• **STORED DATA**:
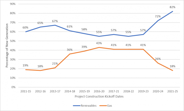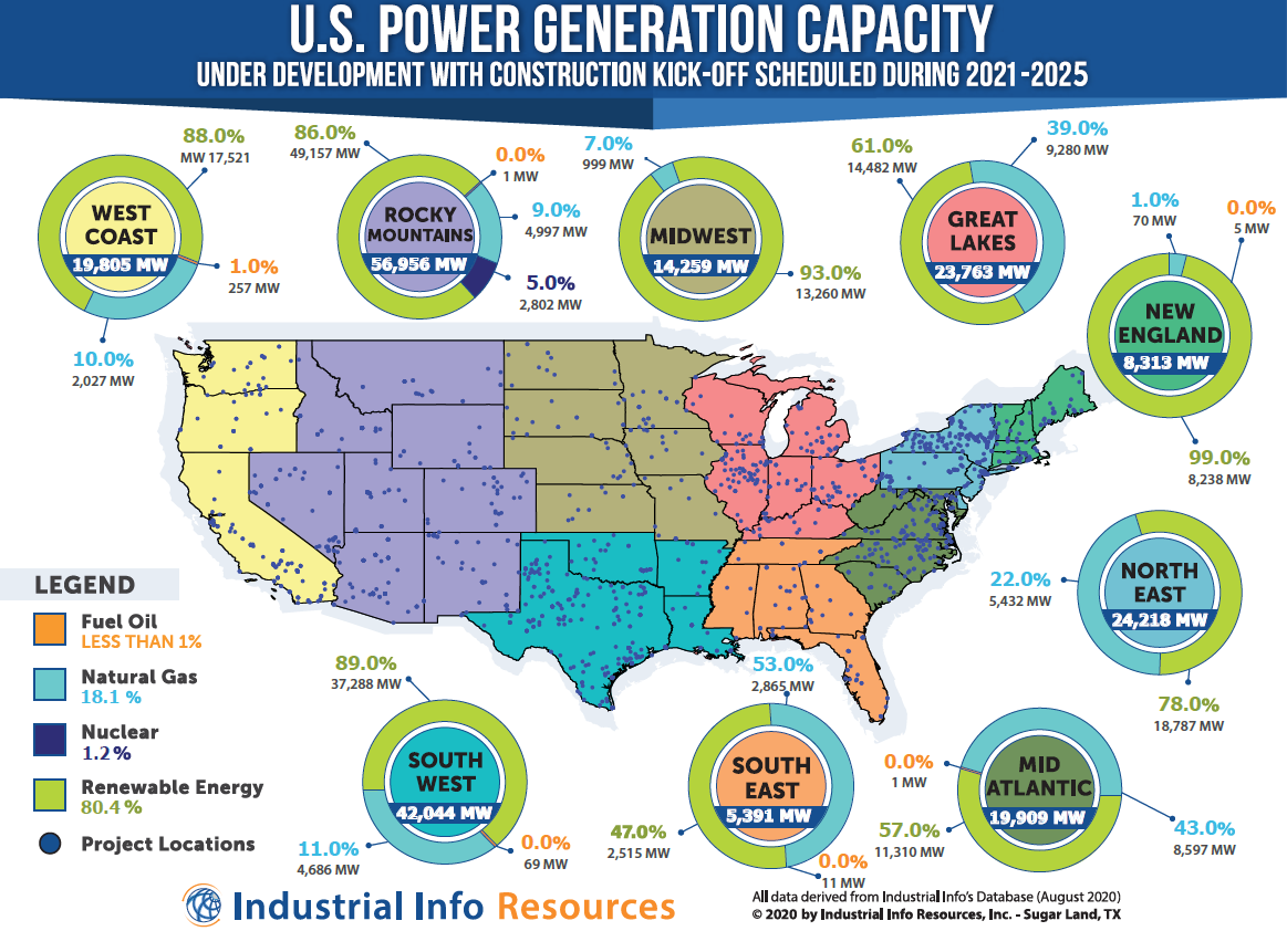 Approximately 80% of new-build generation scheduled to begin construction between 2021 and 2025 is expected to be renewables, mostly wind and solar (see map). Gas-fired generators will account for about 18% of new-build generation, with nuclear taking about 1% of the market.
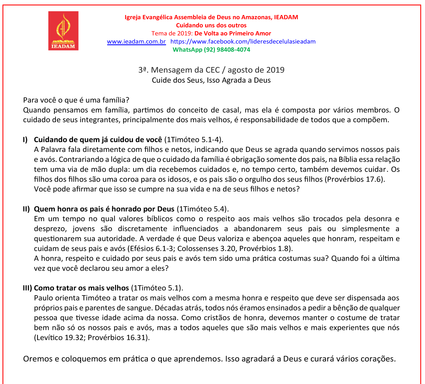 A Palavra fala diretamente com filhos e netos, indicando que Deus se agrada quando servimos nossos pais e avós. Contrariando a lógica de que o cuidado da família é obrigação somente dos pais, na Bíblia essa relação tem uma via de mão dupla: um dia recebemos cuidados e, no tempo certo, também devemos cuidar. Os filhos dos filhos são uma coroa para os idosos, e os pais são o orgulho dos seus filhos (Provérbios 17.6).
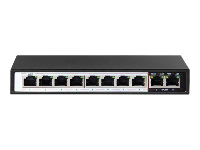 | Portar | 8 x 10/100 (PoE+) + 2 x 10/100 (upplänk) |
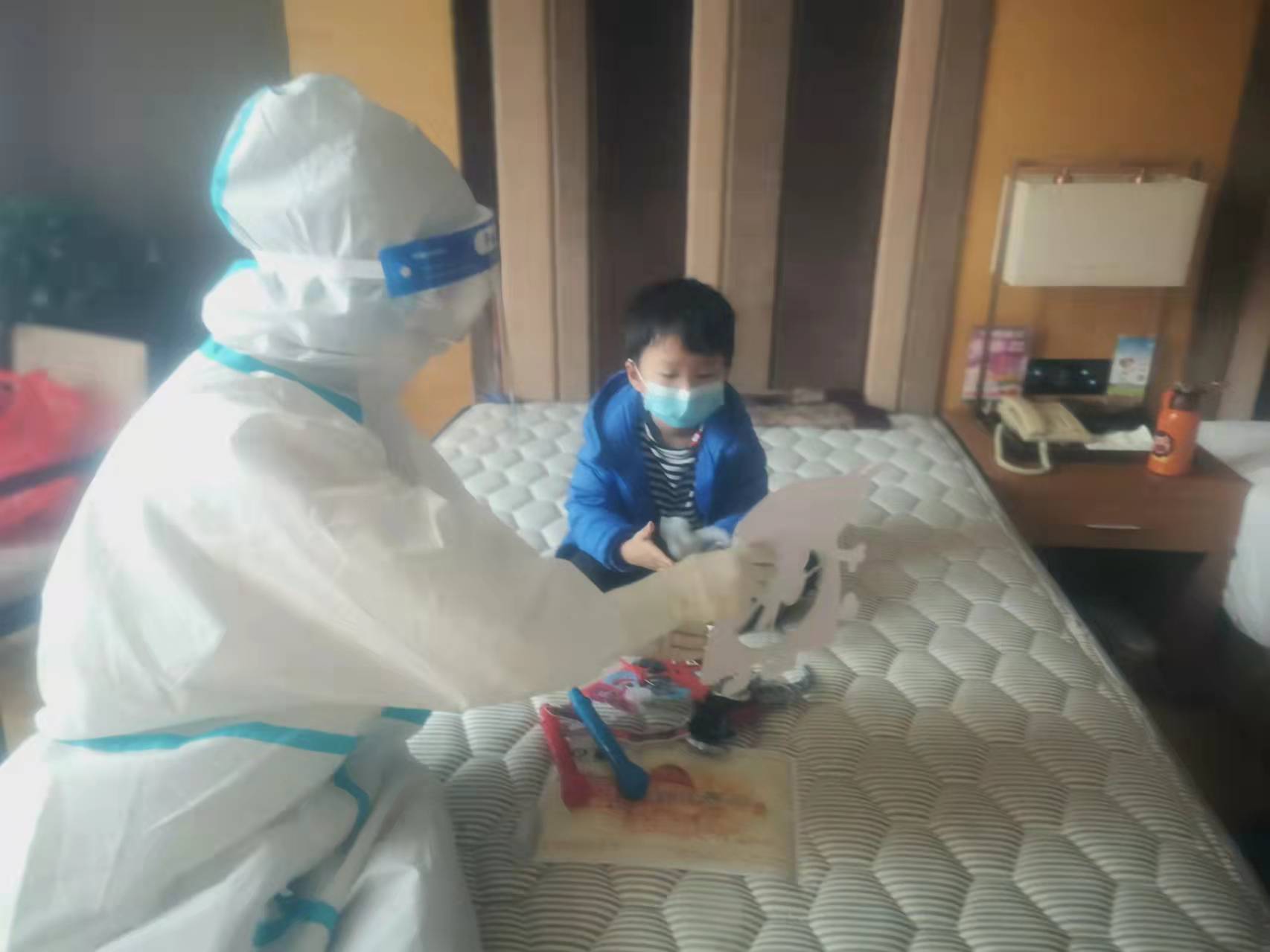 隔離在酒店的豆豆連續(xù)多輪的核酸采集均為陰性,在長安區(qū)醫(yī)院的醫(yī)護人員劉列平和常芬照看陪伴下,他每日都會和爸爸、媽媽視頻聊天。
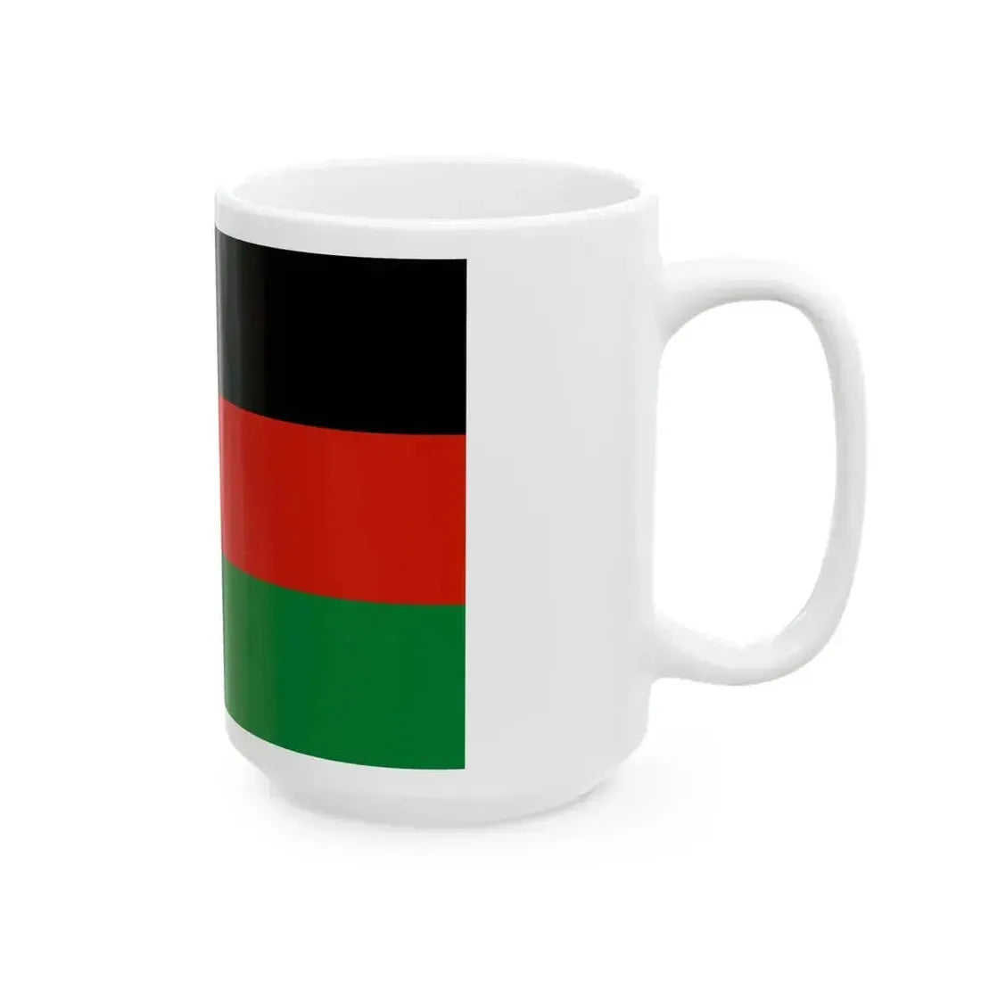 This 3-2 White Coffee Mug features a striking design inspired by the Flag of Afghanistan from 1980 to 1987. The flag's symbolic imagery is beautifully depicted, with its three vertical bands of green, white, and red, representing the country's past, present, and future. The central emblem, consisting of a socketed wheel (taking the form of a chakram) within a star-spangled mosque, stands as a testament to Afghanistan's rich cultural heritage and religious significance. This mug is perfect for anyone who appreciates unique and cool drinkware, as well as history buffs with an interest in Afghan history.
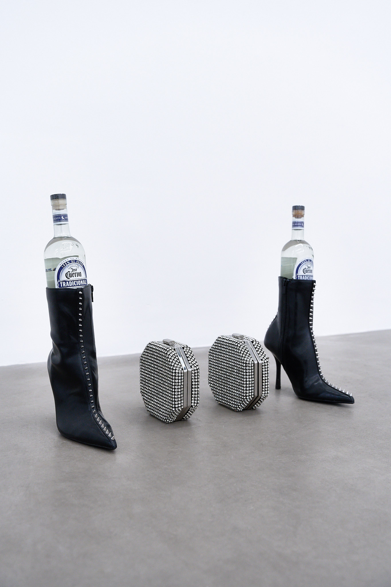Sa scénographie théâtrale, évoquant un shooting de mode conceptuel flirtant avec l’exhibitionnisme queer, place le « white cube » sous vide.
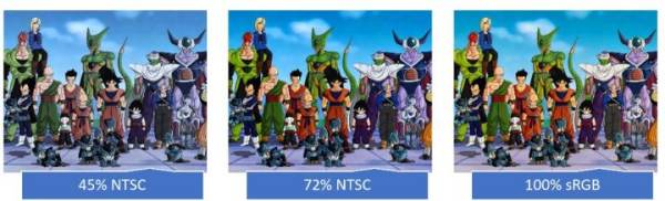 色域可以简单的理解为色彩饱和度,目前色域标识有45%NTSC、72%NTSC、100%sRGB、100% Adobe RGB,通常情况下,45%NTSC 称为普通色域(低色域),72%NTSC、100%sRGB 称为高色域,100% Adobe RGB 称为广色域,它们之间的差异,可以参考下图:
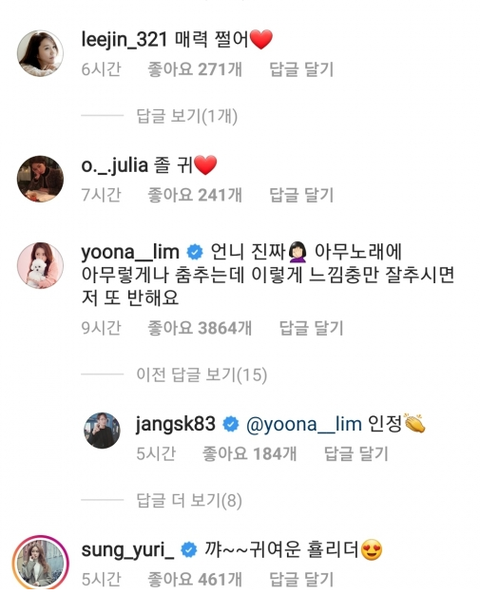 옥주현, 이진, 성유리는 '매력 쩔어~' '귀여운 울 횰 리더'등의 댓글을 남겼고
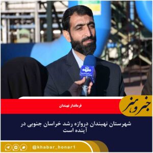 فرماندار نهبندان گفت:شهرستان نهبندان دروازه رشد خراسان جنوبی در آینده بوده و یکی از شهرستان های پر رونق و شکوفا در آینده با توجه به
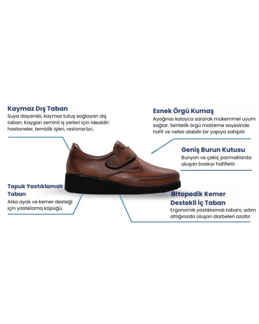 Ortopedik destekli, ayak sağlığına özel tasarlanmış konforlu ve şık ayakkabılardır.
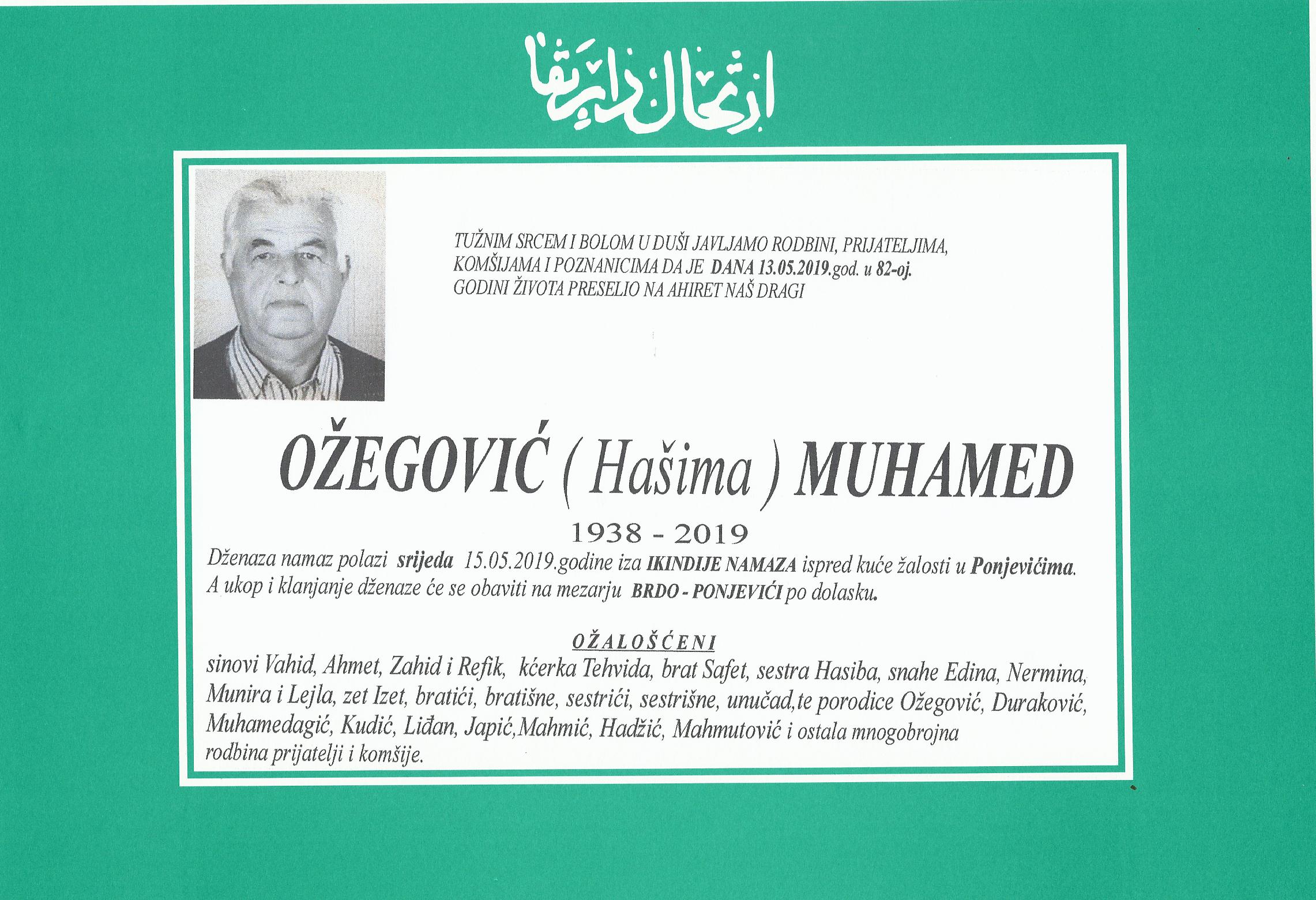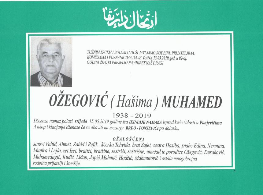 Dana 13.05.2019. godine u 82.-oj godini života preselio je na Ahiret Ožegović (Hašima) Muhamed.
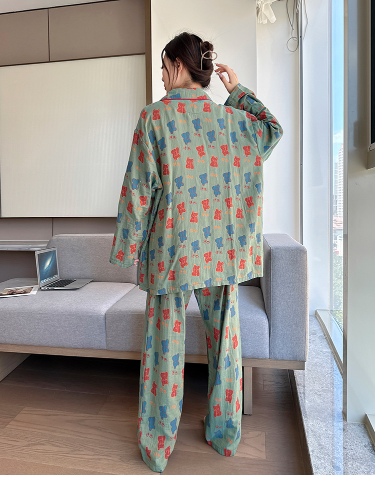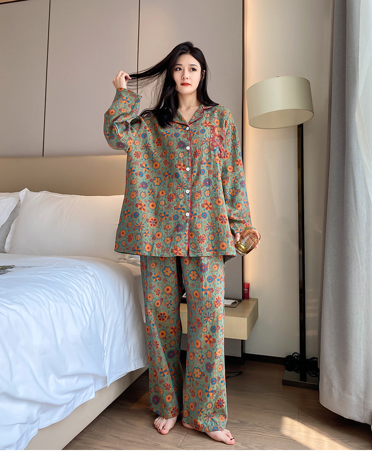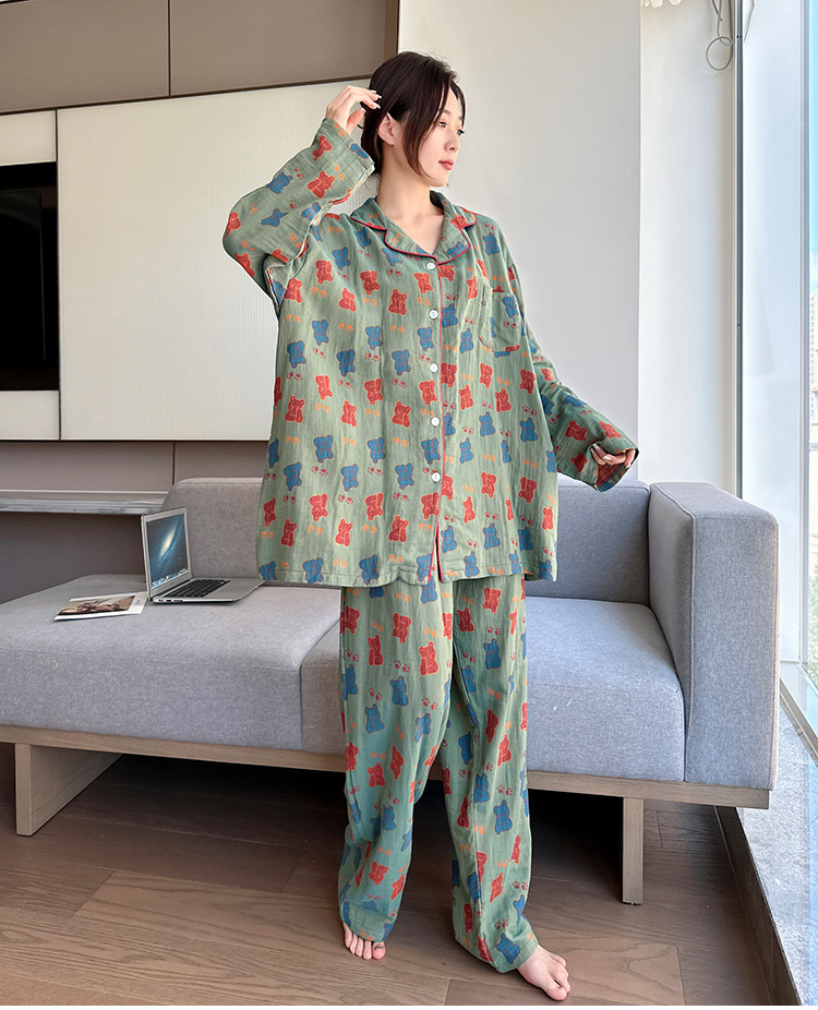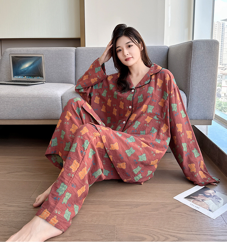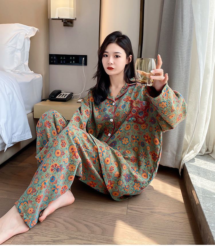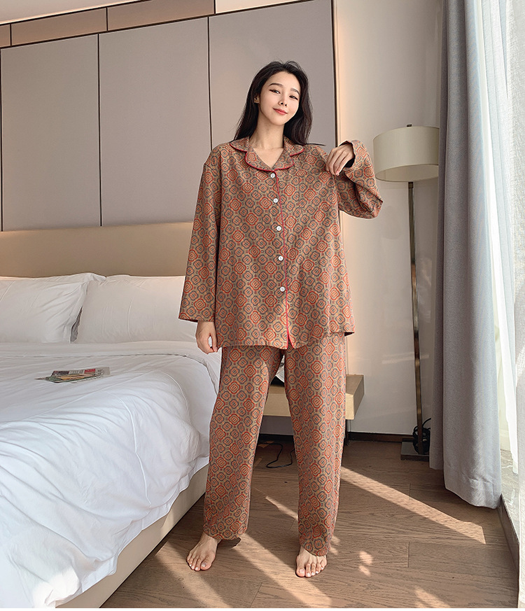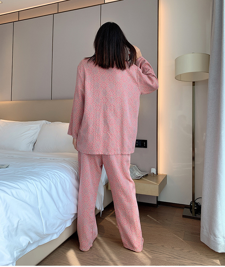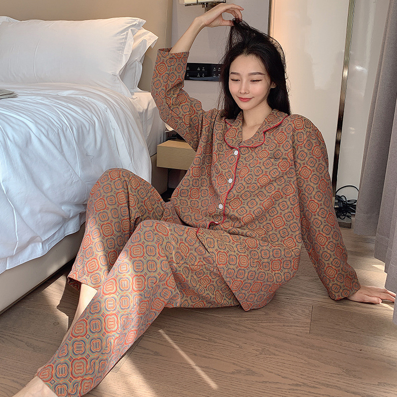 플러스 사이즈 면 잠옷 여자의 만화 인쇄 긴팔 바지 투피스 세트 봄과 가을 옷깃 카디건 잠옷 얇은 세트스토어 가기

• **WHAT IS EXPECTED**:
Beginning with the first line of the records, write out every line up to and including the one with "Dana 13.05.2019. godine", exactly, and omit all pictures.

• **ANSWER AREA**:
 Approximately 80% of new-build generation scheduled to begin construction between 2021 and 2025 is expected to be renewables, mostly wind and solar (see map). Gas-fired generators will account for about 18% of new-build generation, with nuclear taking about 1% of the market.
 A Palavra fala diretamente com filhos e netos, indicando que Deus se agrada quando servimos nossos pais e avós. Contrariando a lógica de que o cuidado da família é obrigação somente dos pais, na Bíblia essa relação tem uma via de mão dupla: um dia recebemos cuidados e, no tempo certo, também devemos cuidar. Os filhos dos filhos são uma coroa para os idosos, e os pais são o orgulho dos seus filhos (Provérbios 17.6).
 | Portar | 8 x 10/100 (PoE+) + 2 x 10/100 (upplänk) |
 隔離在酒店的豆豆連續(xù)多輪的核酸采集均為陰性,在長安區(qū)醫(yī)院的醫(yī)護人員劉列平和常芬照看陪伴下,他每日都會和爸爸、媽媽視頻聊天。
 This 3-2 White Coffee Mug features a striking design inspired by the Flag of Afghanistan from 1980 to 1987. The flag's symbolic imagery is beautifully depicted, with its three vertical bands of green, white, and red, representing the country's past, present, and future. The central emblem, consisting of a socketed wheel (taking the form of a chakram) within a star-spangled mosque, stands as a testament to Afghanistan's rich cultural heritage and religious significance. This mug is perfect for anyone who appreciates unique and cool drinkware, as well as history buffs with an interest in Afghan history.
Sa scénographie théâtrale, évoquant un shooting de mode conceptuel flirtant avec l’exhibitionnisme queer, place le « white cube » sous vide.
 色域可以简单的理解为色彩饱和度,目前色域标识有45%NTSC、72%NTSC、100%sRGB、100% Adobe RGB,通常情况下,45%NTSC 称为普通色域(低色域),72%NTSC、100%sRGB 称为高色域,100% Adobe RGB 称为广色域,它们之间的差异,可以参考下图:
 옥주현, 이진, 성유리는 '매력 쩔어~' '귀여운 울 횰 리더'등의 댓글을 남겼고
 فرماندار نهبندان گفت:شهرستان نهبندان دروازه رشد خراسان جنوبی در آینده بوده و یکی از شهرستان های پر رونق و شکوفا در آینده با توجه به
 Ortopedik destekli, ayak sağlığına özel tasarlanmış konforlu ve şık ayakkabılardır.
 Dana 13.05.2019. godine u 82.-oj godini života preselio je na Ahiret Ožegović (Hašima) Muhamed.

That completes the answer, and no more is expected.